The NSN of this part is ONE number different from the anchor for a Navy frigate, Knox class we were told.

How did we come to be told?

We ordered a tank anchor to replace a broken one.

What arrived was a flat-bed 18 wheeler, four bemused Navy personnel and a ship's anchor!

We got it straightened out, in fact it would have been straightened out over the phone if we hadn't been in the field when they were trying to confirm.  Without confirmation they fudged and sent it out on the off chance that we needed it.

Ain't the military wonderfully dense sometimes?

Next time someone tells you that bothering to get the right terminology doesn't matter, remember my anchor.

There are lots of places where precision in speaking or writing matter a very great deal.  Getting meters and yards confused can lead to some very large errors very quickly.  Sure seem almost the same, don't they?

Some terms could be interchanged at will except for the costs associated with them.

"Assault weapon" is in this category.  There's a lot of people who are into guns nowadays who likely weren't gun owners or politically aware back in early nineties when that term was coined.  "Assault weapon" is an anti-gun term.  They coined it knowing that people would make the connection with "assault rifle."  Assault rifle was defined as "selective fire, magazine fed shoulder arm firing an intermediate power cartridge."  Compare that definition to "assault weapon" as defined in the AWB.  They were trying to get people to think "machine-gun" when they saw anything that shared cosmetic features with specific models of genuine assault rifles.

Much effort was expended to correct the impression the antis were trying to create with that term.  So much effort in fact that there's a lot of resentment towards new gun people getting it wrong.

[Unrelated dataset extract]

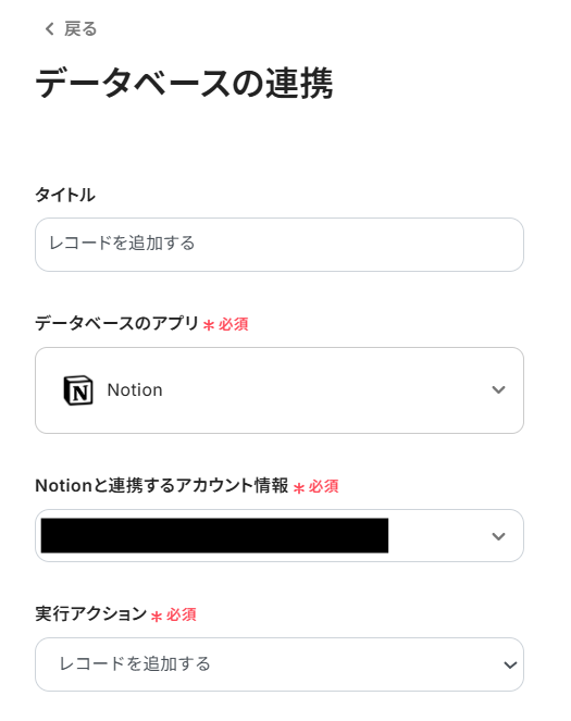 - 追加するレコードの値:Notionに登録したい値をプルダウンより設定しましょう。

I know that I've ranted on this before; but consider this:  When you let your opponent define the terms of the debate you've lost it.  Assault weapon is a term meant to sow confusion and eliminate precision about what is being discussed.

Always remember, if you cannot say what you mean you cannot mean what you say.  If what you said can be taken two ways, and one of them can be used against you; you will be presented as saying that no matter what you meant.